After spending about 10 minutes on the deck we headed back to the trail and continued on our trek. I noticed on this part of the trail, and somewhat on the trail that goes around the west side of the bog, that there were numerous springs. Since it was winter I am sure the flow from the springs was somewhat low. I would like to come back here in the spring when the water is flowing freely. But then again, when you think about it, I suppose that is what you need to form a bog: an endless supply of large quantities of water.

The stone monument declaring Bear Meadows as a natural area.
The stone monument declaring Bear Meadows as a natural area.

The stone monument declaring Bear Meadows as a natural area.
Here I stand on the observation deck with the bog of Bear Meadows in the background.
The observation deck at Bear Meadows. The panoramic picture above was taken from this platform.
Shari emerges from the trail as it intersects and follows North Meadows Road.
Just off of North Meadows Road, this is the start of the Jean Aron path.
The Jean Aron Path that parallels Bear Meadows Road as it returns to the trailhead.

This unblazed part of the trail continued for about three quarters of a mile where we met up with the Gettis Trail. This trail is blue blazed and branched up the ridge to our left. We followed the part of the Gettis Trail that borders the bog. After less than a half mile the blue blazed trail headed back up the ridge again. At this intersection there is a large clearing, with what looked like a foundation for an old cabin, and where there is now a camp fire ring. As I mentioned earlier, with the fresh snow it was easy to see where the Bear Meadows trail left the clearing, but if you hike this in the spring or fall, you will need to look closely for the trail.

The trail at this point looked to be an old forest road, perhaps one that provided access to the cabin, but was now quite overgrown with rhododendrons. Again this section of the trail is unblazed, but if you look closely you will see some orange blazes on occasion. My guess is that this was once a section of the Mid State Trail.

At about two and three quarter miles the trail emerges onto the North Meadows Road. At this point we headed right descending back toward Bear Meadows Road. After a quarter mile on North Meadows Road we saw the Jean Aron Path on our right and followed it back to the trail head.

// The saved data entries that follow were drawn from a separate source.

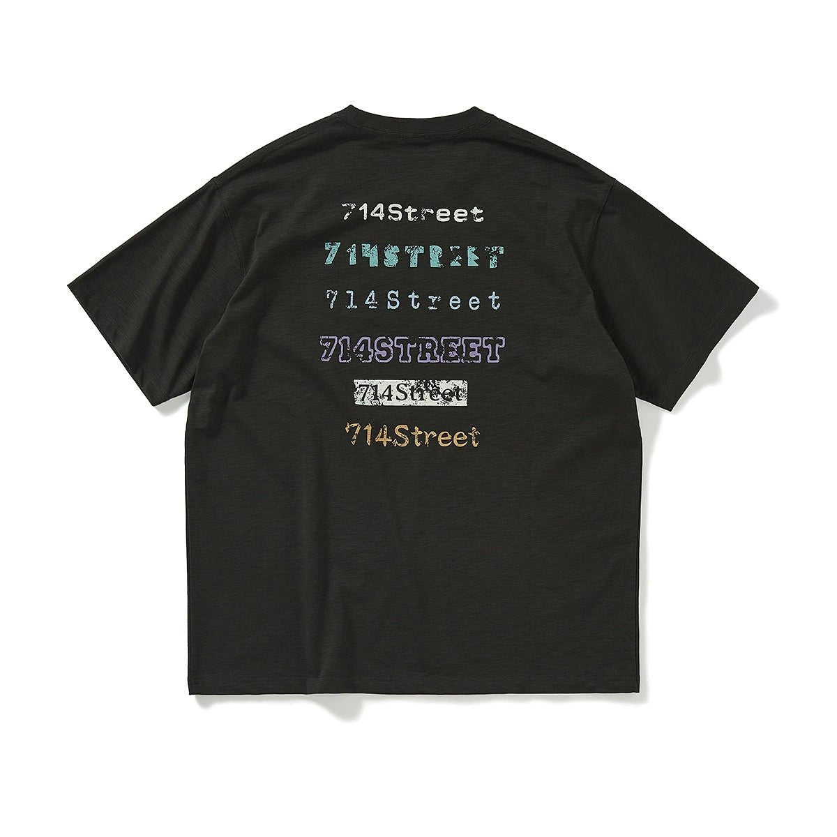 スラブテクスチャテキストプリント半袖Tシャツ S05011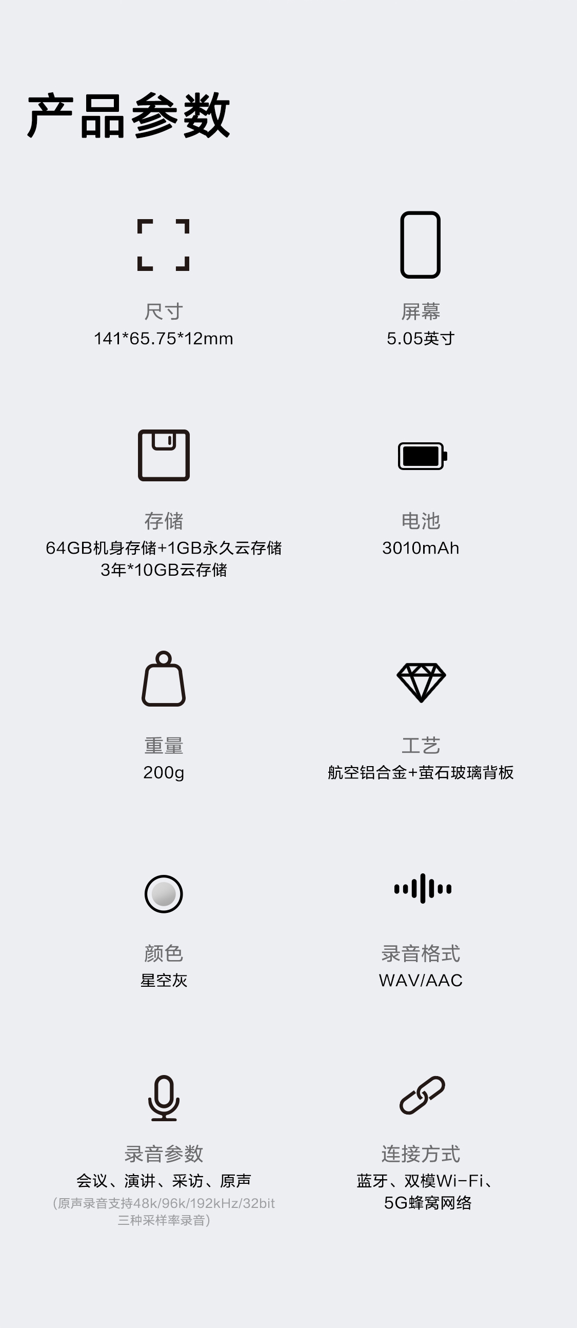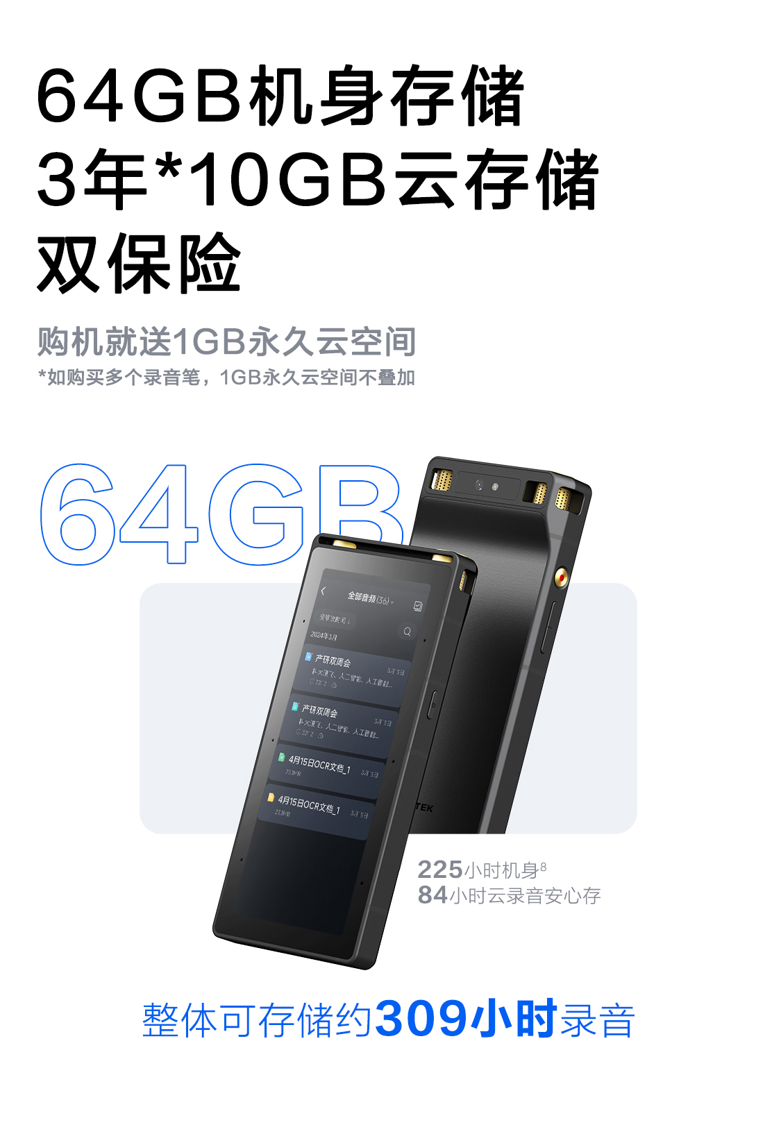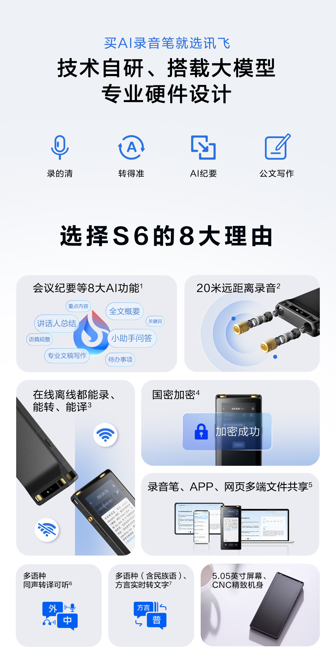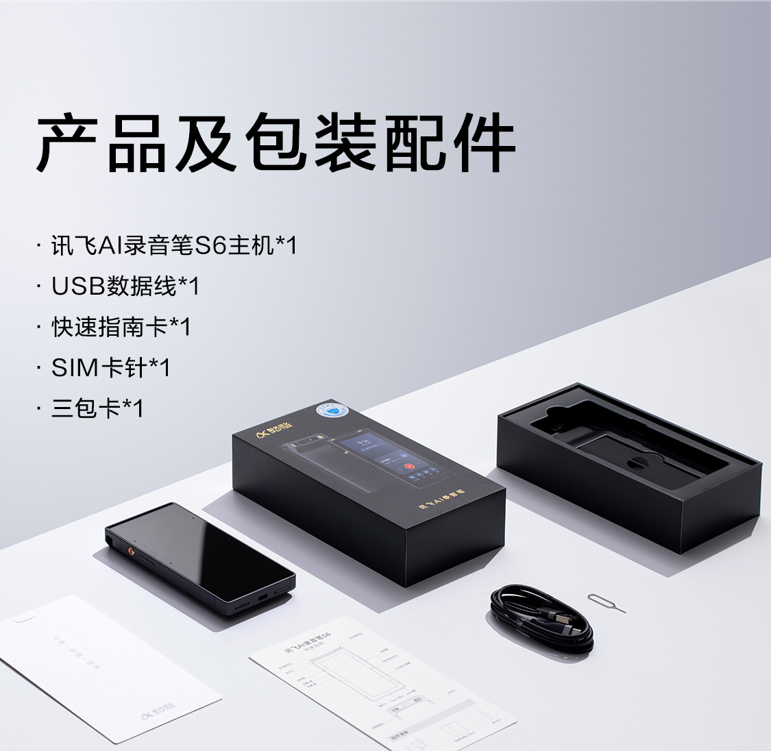 科大讯飞AI录音笔S6星空灰 64GB 免费录音转文字 同声转译 会议纪要 专业录音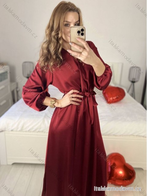 Šaty elegantní saténové dlouhý rukáv dámské (S/M.ONE SIZE) ITALSKÁ MÓDA IMM22HG3893/DU - šedá světlá - S/M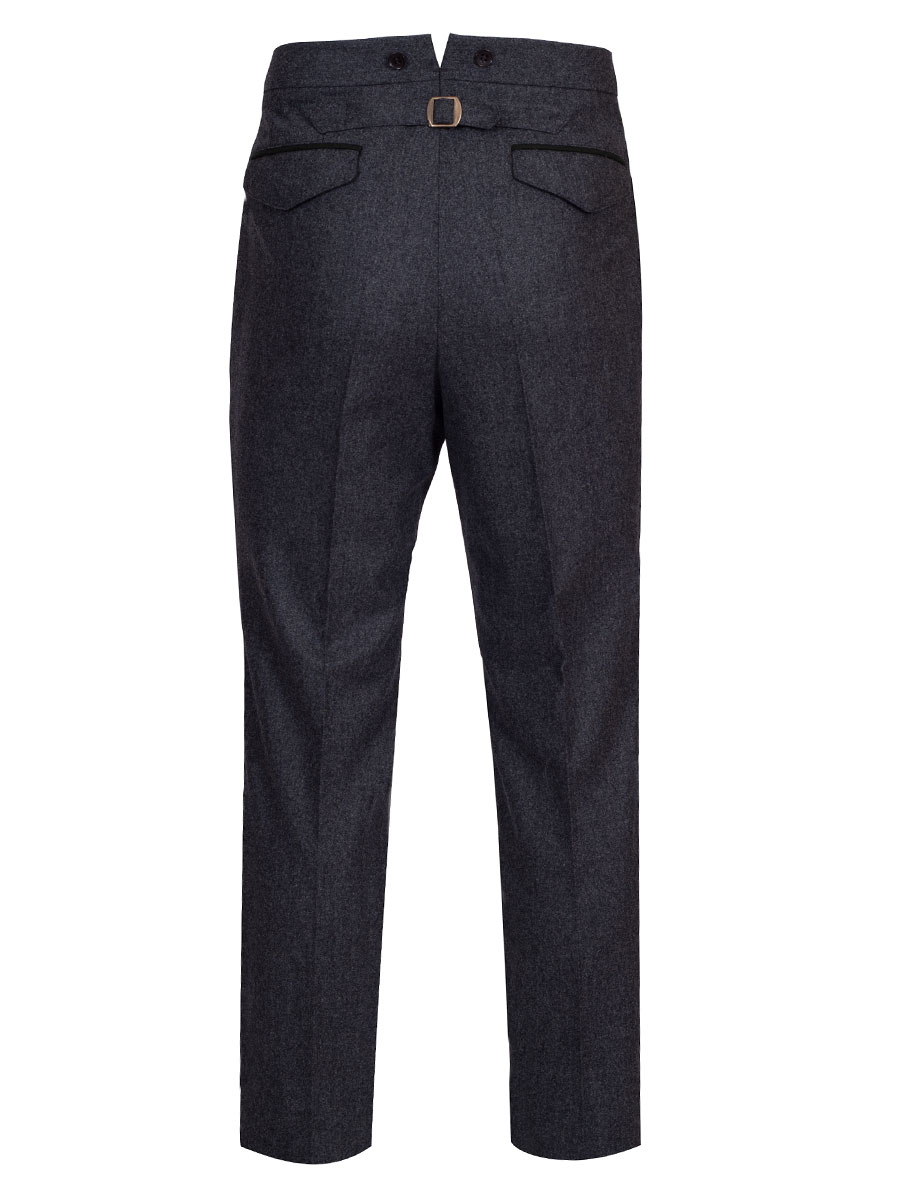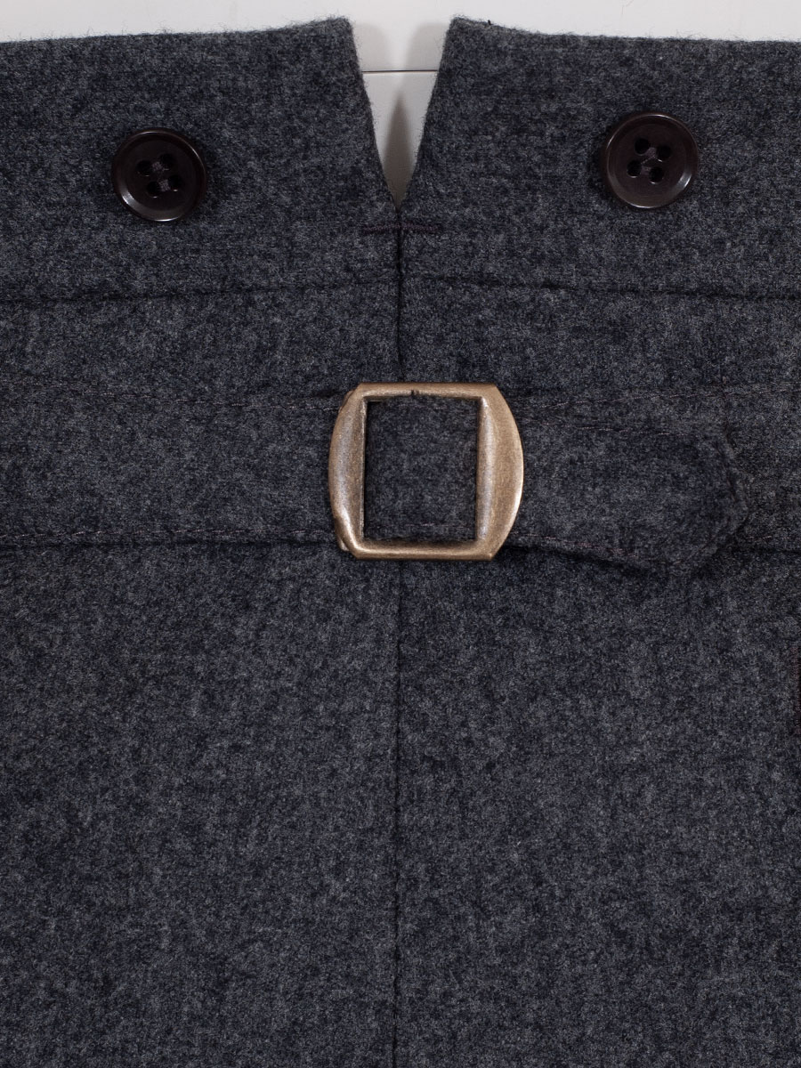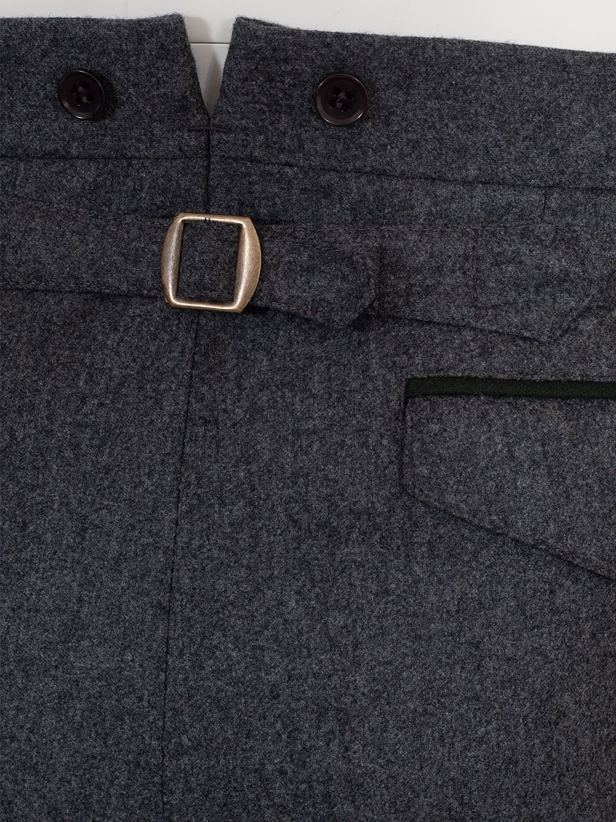 Hochwertig verarbeitete Lodenhose. Die Herrenhose in grau hat eine seitliche, grüne Paspolnaht. Die Trachtenhose ist mit Gürtelschlaufen ausgestattet und hat rechts und links sowie auf beiden Seiten des Gesäß grün paspolierte Taschen. Hinten ist die Trachtenhose höher geschnitten und kann mit einem Riegel verstellt werden. Für Hosenträger sind Knöpfe vorhanden.

The Jean Aron Path parallels Bear Meadows Road which could be seen from time to time. The path takes you along a stand of hemlocks and through a rather thick patch of rhododendrons. I can imagine that this trail offers a peaceful and relaxing stroll during the spring and summer when there are leaves on the trees and the woods are more lively.

The trek around Bear Meadows natural area took us a little over 2 hours and was about 3 and a half miles in length. We had hoped to catch a glimpse of some wild life, perhaps a deer or maybe even a bear (not sure if they would be hibernating or not). Unfortunately we didn't see a thing, only a few deer tracks crossing the trail. The woods seemed to be bereft of any life with the only sounds heard was the wind blowing through the trees. It was peaceful but not what I am accustomed to when hiking through the woods during the rest of the year. I definitely want to make a trip back in the spring or summer, when the blueberry bushes are full of fruit. Maybe then we'll catch a glimpse of a bear in Bear Meadows.